Scheibbser Kammerräte: Klares Nein zu neuem Standort. Scheibbser Kammerräte sprachen sich 100 % gegen gemeinsamen BBK-Standort mit Melk aus.

Von Markus Glück und Claudia Christ. Erstellt am 29. Juli 2020 (05:11)
Franz Aigner, Kammerobmann-Stellvertreter: „Einstimmig dagegen.“
Christ

Die Zusammenlegung der beiden Bauernkammer-Bezirksstellen in Melk und Scheibbs dürfte vorerst vom Tisch sein. Bei einer Sitzung vergangene Woche stimmten die Kammerfunktionäre aus Scheibbs einstimmig gegen die Zusammenlegung in Wieselburg.

Die Raiffeisenbank Mittleres Mostviertel, die in Wieselburg am Standort des ehemaligen Feuerwehrhauses ein neues Bürogebäude errichten wird, war zuvor mit einem Angebot auf die beiden Bezirksbauernkammern Melk und Scheibbs zugekommen.

Franz Rafetzeder, Kammerobmann: „Wir nehmen das Angebot nicht an.“
Eplinger

Als Gründe für die Absage nannten Scheibbser Funktionäre die mangelhafte Parkplatzsituation, die Verlagerung aus dem Zentrum des Bezirks an den westlichen Rand aber auch das Zusammenrücken mit Raiffeisen. Außerdem müsste die Bezirksbauernkammer Scheibbs für die Umsetzung des Projektes auch hohe finanzielle Verpflichtungen eingehen. „Es war eine klare Entscheidung. Nach intensiver Diskussion sprachen sich alle 25 anwesenden der insgesamt 28 Kammermitglieder gegen den neuen BBK-Standort in Wieselburg aus“, informiert Kammerobmann-Stellvertreter Franz Aigner. Somit ist auch für Kammerobmann Franz Rafetzeder, der der Idee von der Zusammenlegung von Anfang an neutral gegenübergestanden ist, eine Richtung vorgegeben. „Die Kammerräte haben ihre Entscheidung getroffen, somit werden wir das Angebot der Raika nicht annehmen“, betont er am Montag im NÖN-Telefonat.

Auch für die neun Scheibbser Kammerräte des Unabhängigen Bauernverbandes ist die Zusammenlegung der beiden Standorte ein „No-Go“. Auch sie sprachen sich in einer Versammlung in der Vorwoche eindeutig dagegen aus. „Es wäre ein falsches Signal an die Vertreter der Bauernschaft“, erklärt UBV-Hauptausschussmitglied Alois Fröschl den Schulterschluss seiner Fraktion, den auch der FP-Kammerrat Herbert Höllmüller vollkommen unterstützt.
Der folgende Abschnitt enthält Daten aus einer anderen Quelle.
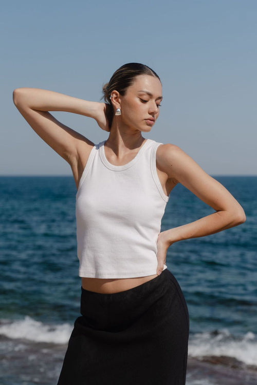 The Cobble Tank from RE:Union Label is a sleeveless stretchy rib knit tank that will fit snug and keep you cool all summer. Effortlessly versatile, this simple white summer tank that pairs well with a variety skirts, pants and shorts.

Melk hofft weiterhin auf positive Entscheidung

Johannes Zuser, BBK-Obmann Melk ist noch positiv gestimmt.
zVg

Melks Bezirksbauernkammer-Obmann Johannes Zuser ist von der Entscheidung in Scheibbs wenig überrascht, er hofft aber weiterhin auf einen positiven Ausgang. Bei einer Versammlung (nach Redaktionsschluss) erklärte er seinen Funktionären Vor- und Nachteile der Zusammenlegung. „Ich habe schon mit vielen Funktionären gesprochen. Es gibt natürlich Skepsis aber kein generelles Nein. Wir blicken nach vorne und sehen, wo die Vorteile liegen“, betont Zuser.

Sorge herrscht bei einigen Kammerfunktionären, dass im Fall einer Absage der Zusammenlegung, es in wenigen Jahren eine Strukturreform geben wird, diese aber dann fremdbestimmt ist. „In Oberösterreich hat es diese Reform schon gegeben. Der Standort Wieselburg macht Sinn und wir hätten derzeit alles selbst in der Hand“, befürwortet Zuser den gemeinsamen Standort.

Wenig Freude mit einer Zusammenlegung hätte FP-Bauernkammerrat Manfred Mitmasser. Er glaubt nämlich nicht, dass, so wie von Zuser betont, die Kammern eigenständig bleiben. „Das ist der erste Schritt zur Fusion und das Ende der Kammern in Melk und Scheibbs,“ meint Mitmasser. Kritik äußert er auch daran, dass außer einer E-Mail keine Information erfolgte. Die FPÖ wird bei der Vollversammlung der Zusammenlegung nicht zustimmen.